Then, inexplicably, Joshua came to them, as miracles often do, on an ordinary day, well after the acceptance that they would never have a child of their own, biological or otherwise, had settled in. More and more, Bookends seems to snatch away all the time she wants, needs, to be with her son. He’ll be heading off to kindergarten soon and she guards what’s left of her time with him fiercely, even though she knows he’d much rather be playing outside than stay with her in the bookstore.
Claire handled all the business aspects of opening the bookstore nearly twelve years ago. Finding the perfect location on oak-lined Sullivan Street, in the newly revitalized downtown section of Linden Falls, securing the small-business loans, ordering the books and hiring the part-time help. Jonathan, for his part, created the most beautiful bookstore Claire could have ever possibly imagined. The building had originally been a dressmaker’s shop, owned by an independent woman who had moved to Linden Falls with her aging father in the mid-1800s. It was lovely, with an intricate tin ceiling and walnut woodwork that Jonathan had uncovered beneath years of old paint, varnish and grime. Rifling through the second floor and the attic, Claire and Jonathan found musty bolts of cloth and bushel-size jars of buttons made of mussel shells, bone and pewter hidden beneath a table. Claire loved to imagine the dresses designed over that table—a christening gown edged with lace, tiny seed pearls sewn to the silk bodice of a wedding dress, a black mourning dress made of cashmere.
Joshua tries to heave himself up on top of the counter, his shoes scrabbling against the front panel. “I’m bored,” he repeats as he slides to the floor. “When will he be here?” he asks again.
Claire steps from behind the counter, reaches down, lifts Joshua into her arms and sets him next to the cash register. “He will be here in about—” she looks at her watch “—half an hour to pick you up. What do you want to do?”
“Tell me about my Gotcha Day,” he orders. Claire gives him a long, expectant look. “Please,” he adds.
“Okay,” Claire agrees, swinging him into her arms. As is often the case lately, she is struck at how big he’s getting. She can hardly believe that he’s five years old. She presses her nose into his neck and breathes in the comforting scent of the Yardley of London soap he bathed with just that morning. Joshua, in a sudden need for privacy, has started ordering her out of the bathroom when he gets ready for his bath.
“Only Truman and Dad can be in here when I take a bath, because we’re all boys,” he explained.
So Claire, after running the bathwater for him, sits on the floor in the hallway, her back resting against the closed bathroom door, and waits, calling through the door every few minutes, “You okay in there?”
Now she carries Joshua to the plush, comfortable sofa that sits in a corner of the bookstore and they settle in for his favorite story. The story of how Joshua became theirs.
“Before we can talk about Gotcha Day,” Claire says, “we have to talk about the first day we met you.” Joshua snuggles more deeply against her and, as she has every day for the past five years, Claire marvels at his sweetness. “Five years ago, last July, Dad and I were sitting at the kitchen table trying to figure out what we were going to have for dinner when the phone rang.”
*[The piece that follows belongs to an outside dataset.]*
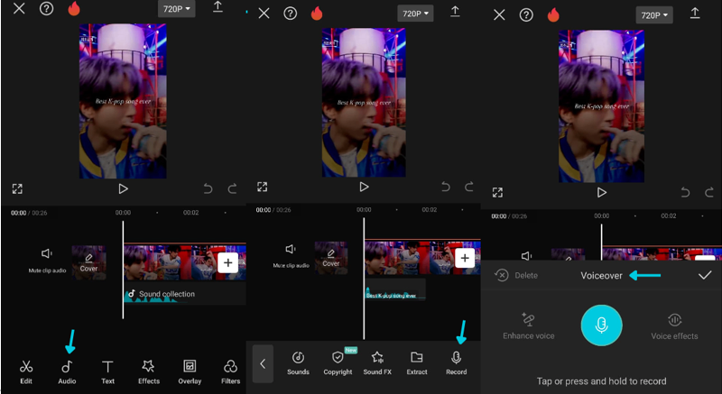 · Изображение: Две части. Слева: ребенок говорит в микрофон или в диктофон на телефоне, изображая голос персонажа. Справа: скриншот интерфейса программы CapCut с дорожками видео и звука.

“It was Dana,” Joshua murmurs as he fingers the milky-colored pearl hanging from her ear.
“It was Dana,” Claire agrees. “And she said that there was a beautiful little boy waiting for us at the hospital.”
“That was me. That was me waiting at the hospital,” Joshua tells Truman, who decides to hobble over to the pair. “And that birth lady couldn’t take care of me so she left me at the fire station, and the fireman found me just lying there in a basket.”
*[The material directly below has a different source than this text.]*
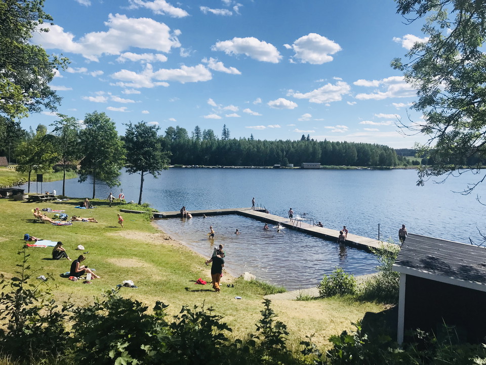 Här finns brygga, omklädningsrum, bord, bänkar och toalett.

“Hey, who’s telling this story?” Claire asks, and gently pokes him in the ribs.
“You are.” Joshua wrinkles his upturned nose and tries to look sorry.
“That’s okay, we can tell it together,” Claire assures him.
“And all the firemen didn’t know what to do!” Joshua exclaims. “They just stood there and looked at me and said, ‘It’s a baby!’” Joshua holds his hands out, palms up, a look of animated consternation dancing across his face.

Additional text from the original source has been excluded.